There are various types of relocations, defined by the platform ABI, as they are specific to the processor’s instruction set. For a more in-depth account of them, see Relocations, Relocations by Michael Guyver. In this case, the R_X86_64_PC32 relocation was chosen by the compiler, which is defined by the AMD64 ABI (Table 4.10). What does that mean? Each relocation type is essentially a mathematical function to define the address of a relocated symbol, given the information in various symbol, section and relocation tables in the dynamic object. The ABI defines R_X86_64_PC32 as \(S+A-P\). Less succinctly, it is the offset of the referenced symbol, plus a constant adjustment (the addend) minus the offset of the relocation. This is all explained brilliantly by Michael Guyver on his blog.
So, with our example, we get the error:
$ make libshared.so
cc -Wall -c -o shared.o shared.c
cc -Wall -c -o static.o static.c
ar rcs libstatic.a static.o
cc -shared -o libshared.so shared.o libstatic.a
/usr/bin/ld: error: shared.o: requires dynamic R_X86_64_PC32 reloc against 'my_static_function' which may overflow at runtime; recompile with -fPIC
collect2: error: ld returned 1 exit status
make: *** [libshared.so] Error 1
If we look at the disassembly of the shared object:
$ objdump -d shared.o
shared.o: file format elf64-x86-64
Disassembly of section .text:
0: 55 push %rbp
1: 48 89 e5 mov %rsp,%rbp
4: e8 00 00 00 00 callq 9 <my_shared_function+0x9>
9: 5d pop %rbp
a: c3 retq
we can see at offset 4 that the callq instruction (calling my_static_function()) leaves 4 bytes for the address of the function to call (actually, callq is instruction-pointer-relative, so the 4 bytes are for the offset of the function from the RIP register).
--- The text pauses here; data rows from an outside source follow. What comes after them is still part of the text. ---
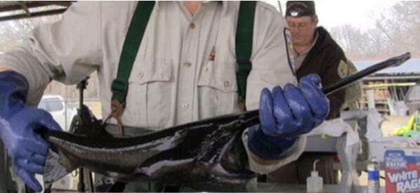 Prehistoric paddlefish makes return to US lake: http://abcn.ws/1fKd7iJ pic.twitter.com/RzhzkWOvE5
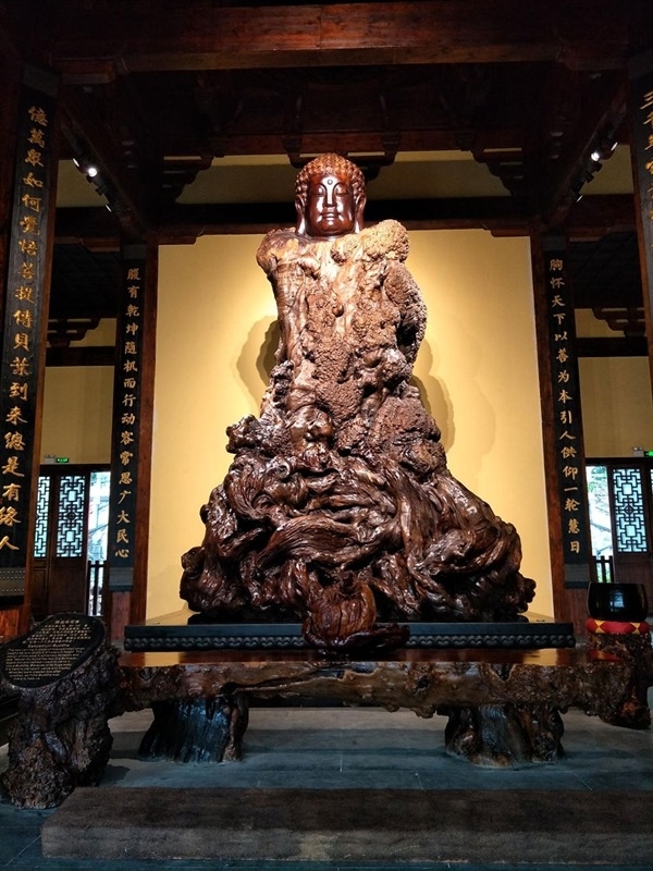 我看着眼前的佛像,那栩栩如生的神态,果真是要有较高的艺术水准才能做出如此生动的作品。一楼的弥勒佛是最受人欢喜的,让人想起那句,大肚能容,容天下难容之事;慈颜常笑,笑世上可笑之人。大雄宝殿的根雕释迦牟尼佛,重达40余吨,是目前世界上最大的根雕佛像。
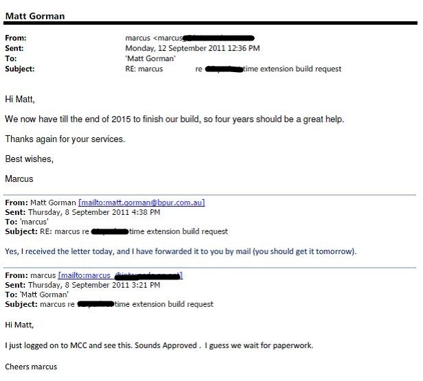 client after receiving news of council approval of request to extend
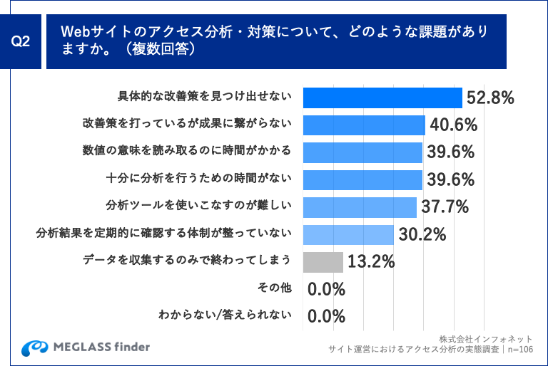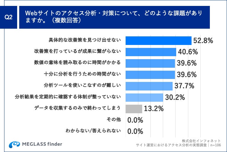Q1で「とてもある」「ややある」と回答した方に、「Q2.Webサイトのアクセス分析・対策について、どのような課題がありますか。(複数回答)」(n=106)と質問したところ、「具体的な改善策を見つけ出せない」が52.8%、「改善策を打っているが成果に繋がらない」が40.6%、「数値の意味を読み取るのに時間がかかる」が39.6%という回答となりました。
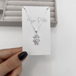 Colar pingente menina toda cravejada 19mm 45cm | Mya Prata
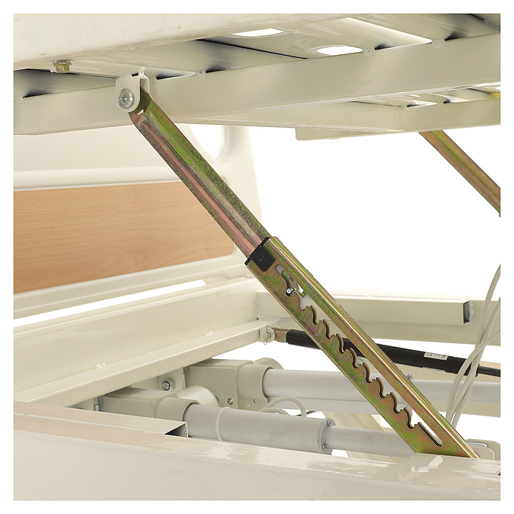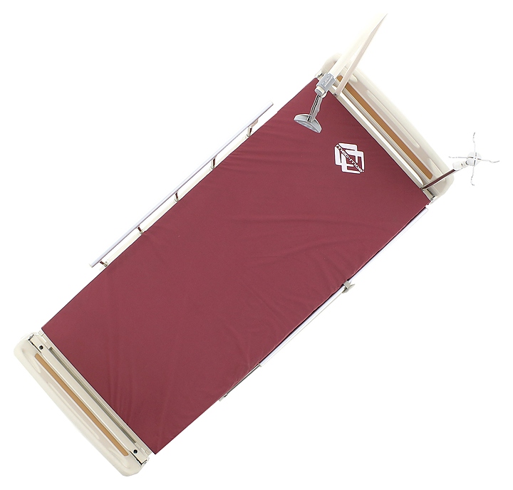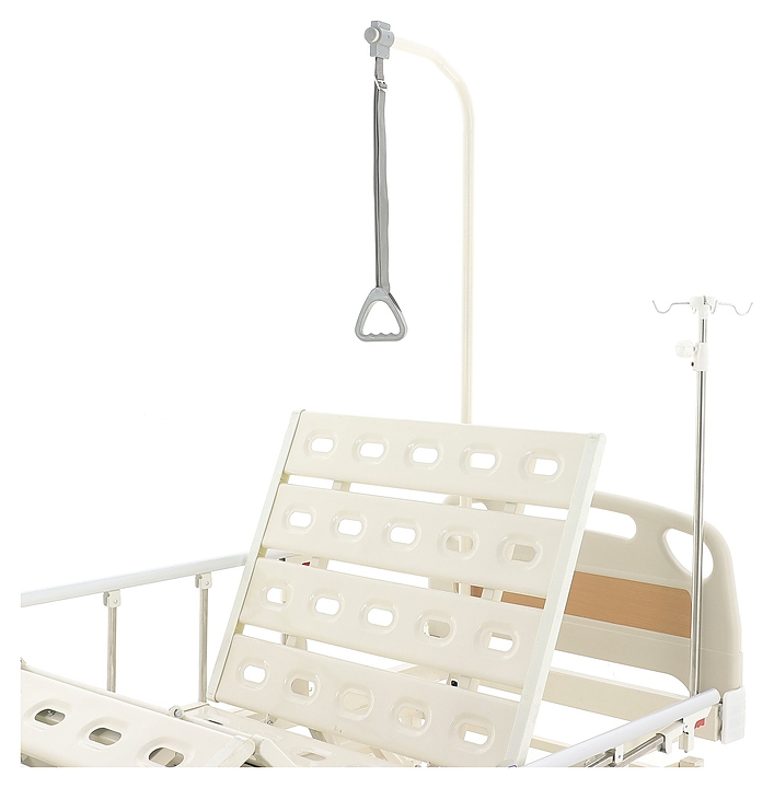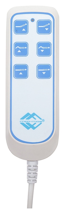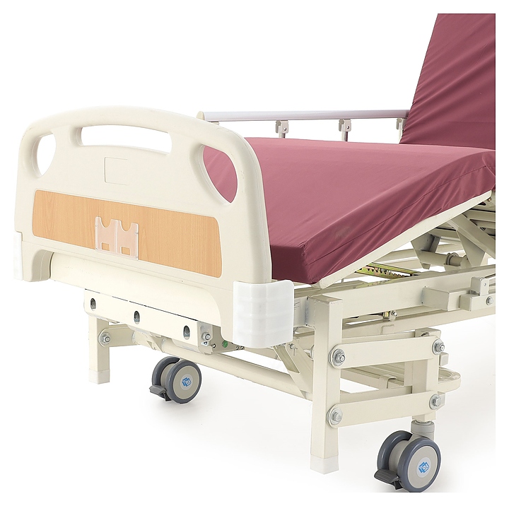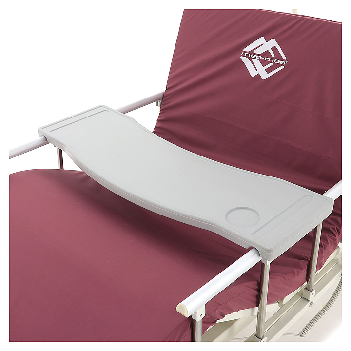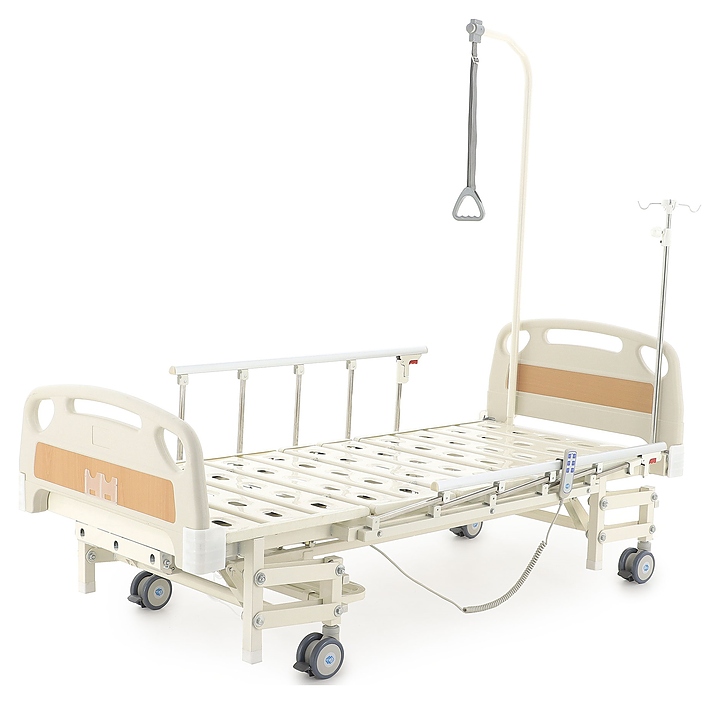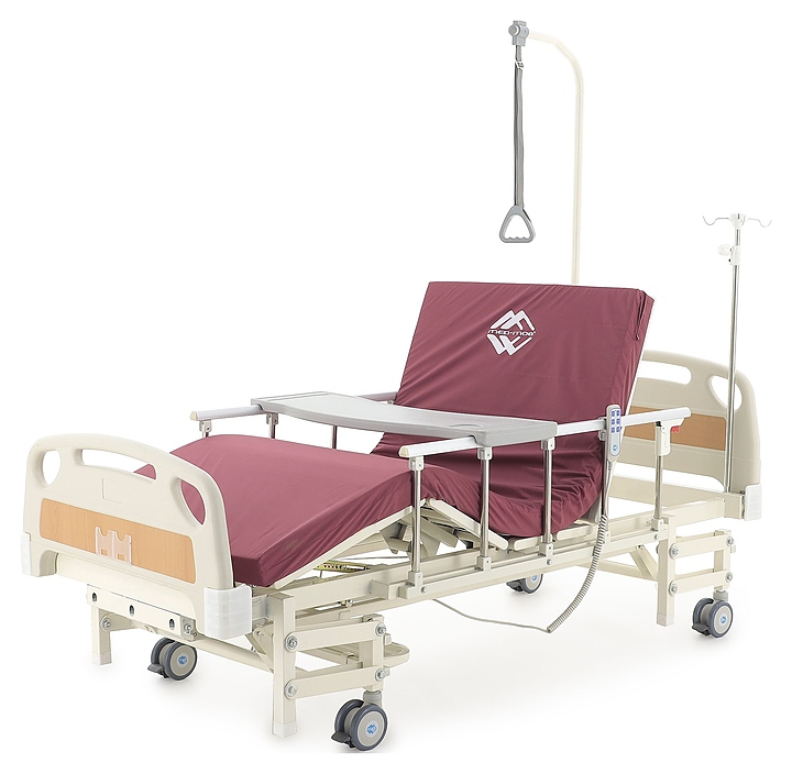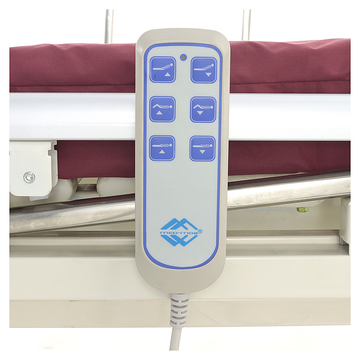 Медицинская кровать электрическая Med-Mos DB-6 (MЕ-3018Н-02) с РУ используется в учреждениях здравоохранения для более комфортного пребывания в больнице лежачих больных с проблемами опорно-двигательного аппарата и пациентов, которые проходят процесс реабилитации после перенесенных операций или тяжелых заболеваний. Модель оснащена карманом из прозрачного пластика для карточки пациента на ножной спинке, пластиковыми заглушками на боковых ограждениях и индикаторами режимов работы на пульте управления пациента. Ложе, каркас и боковые ограждения выполнены из сварных конструкций из профильных труб из высокопрочной стали, покрытой ударопрочной эпоксидной эмалью, торцевые спинки - из ABS-пластика с декоративной пленкой, опорные стойки - из нержавеющей стали, поручни - из алюминиевого сплава, заглушки - из пластика, шины колес - из полиуретана, инфузионная стойка и дуга для подтягивания - из нержавеющей стали с элементами из пластика, рукояти привода - из пластика, столик - из ударо-термостойкого пластика. Матрас в комплект поставки не входит и приобретается отдельно. Кровать поставляется с регистрационным удостоверением Минздрава РФ. Комплектация:
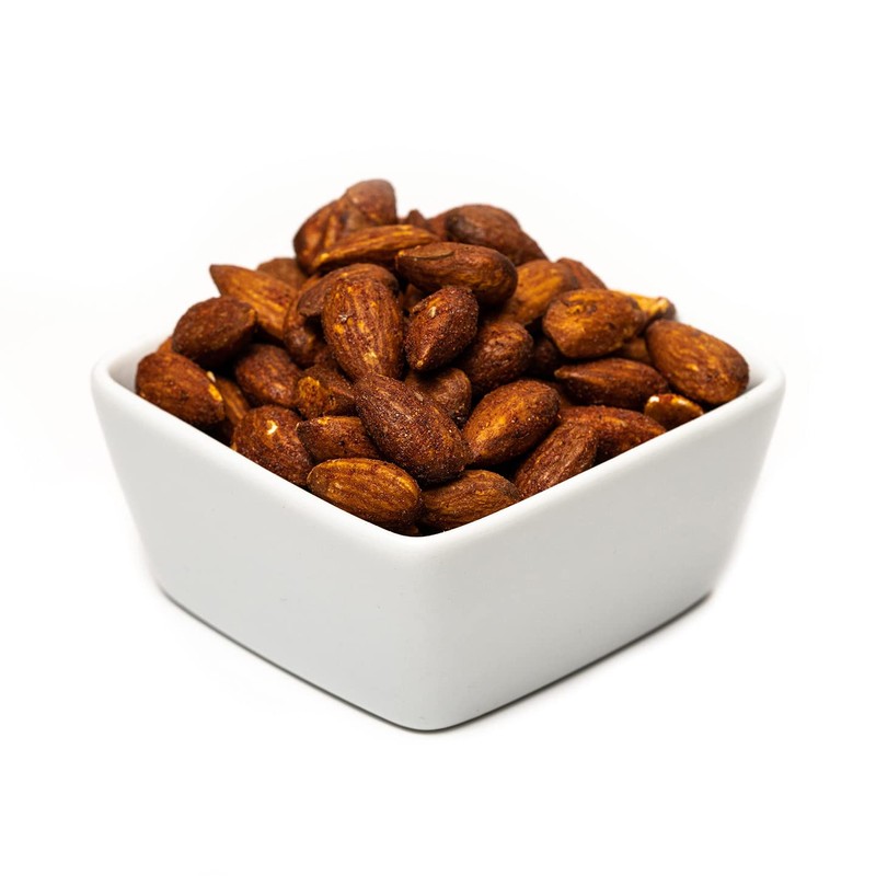 - SMOKY BARBECUE FLAVOR: These whole California-grown almonds, straight from Jake's Orchard, have been dry roasted and seasoned to perfection with a satisfying combination of sweet, sour, smoky and spicy barbecue flavors.
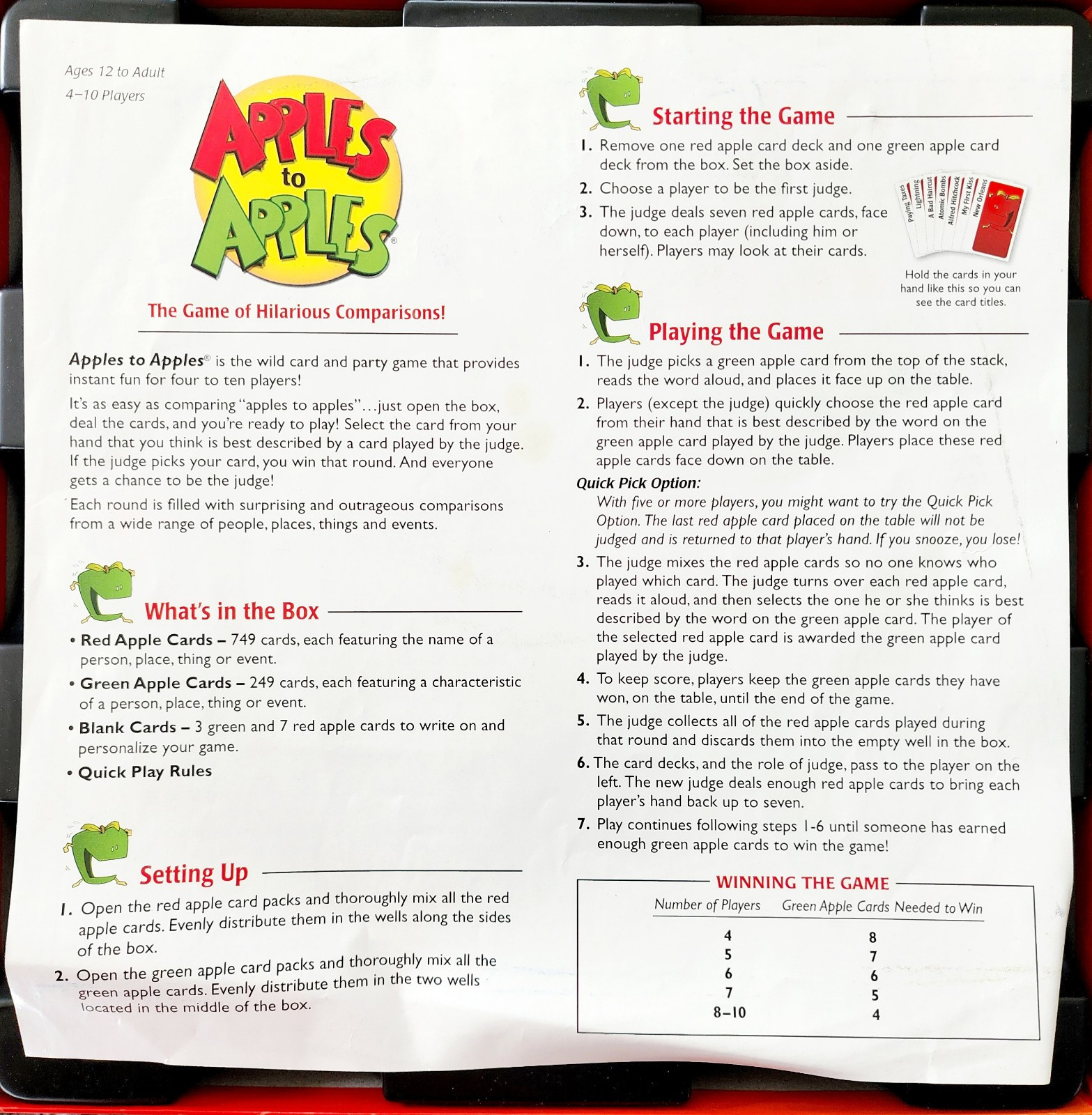 2007 Apples To Apples Mattel Party Game Complete Hilarious Comparisons GstRm

As the code in libstatic.a is not PIC, it has to be loaded at a fixed offset in a process’ address space. The shared library, libshared.so, must be capable of being loaded anywhere in an address space. This would be fine if the callq instruction could take an absolute address to call, as the linker could substitute in the absolute address of my_static_function() (as is done on 32-bit systems). However, it cannot – it only has 4 bytes of operand to play with, rather than the 8 needed for a 64-bit address – so linking has to fail. And that’s why we get an error which talks about overflow.
What happens if libstatic.a is compiled with PIC enabled? Not a whole lot changes, actually. The disassembly of libstatic.a remains unchanged. shared.o gains a global object table (GOT) section and its relocation for the my_static_function() call changes from R_X86_64_PC32 to R_X86_64_PLT32 — a procedure linkage table (PLT) relocation using the GOT. We can see that in action in the disassembly of the successfully-linked libshared.so (with irrelevant bits omitted):
$ objdump --disassemble libshared.so
libshared.so: file format elf64-x86-64
Disassembly of section .plt:
5f0: ff 25 fa 13 00 00 jmpq *0x13fa(%rip) # 19f0 <_GLOBAL_OFFSET_TABLE_+0x28>
5f6: 68 02 00 00 00 pushq $0x2
5fb: e9 c0 ff ff ff jmpq 5c0 <_init+0x20>
Disassembly of section .text:
6e8: 55 push %rbp
6e9: 48 89 e5 mov %rsp,%rbp
6ec: e8 ff fe ff ff callq 5f0 <my_static_function@plt>
6f1: 5d pop %rbp
6f2: c3 retq
6f3: 90 nop
6f4: 55 push %rbp
6f5: 48 89 e5 mov %rsp,%rbp
6f8: 5d pop %rbp
6f9: c3 retq
6fa: 66 90 xchg %ax,%ax
Firstly, the callq instruction in my_shared_function() has acquired a non-zero operand. This is a constant offset from the instruction pointer at that instruction which references the entry for my_static_function() in the PLT, which we can see as my_static_function@plt in the .plt section. Rather than being the code for the my_static_function(), this is actually a ‘trampoline’ which loads the address of my_static_function() from the GOT, then jumps to it. The GOT is set up by the runtime loader, and allows for the address of my_static_function() to be changed; for example when relocating it, or when interpositing a different version using LD_PRELOAD. By default, the GOT entry for my_static_function() will point to the implementation in the .text section, as linked in from libstatic.a.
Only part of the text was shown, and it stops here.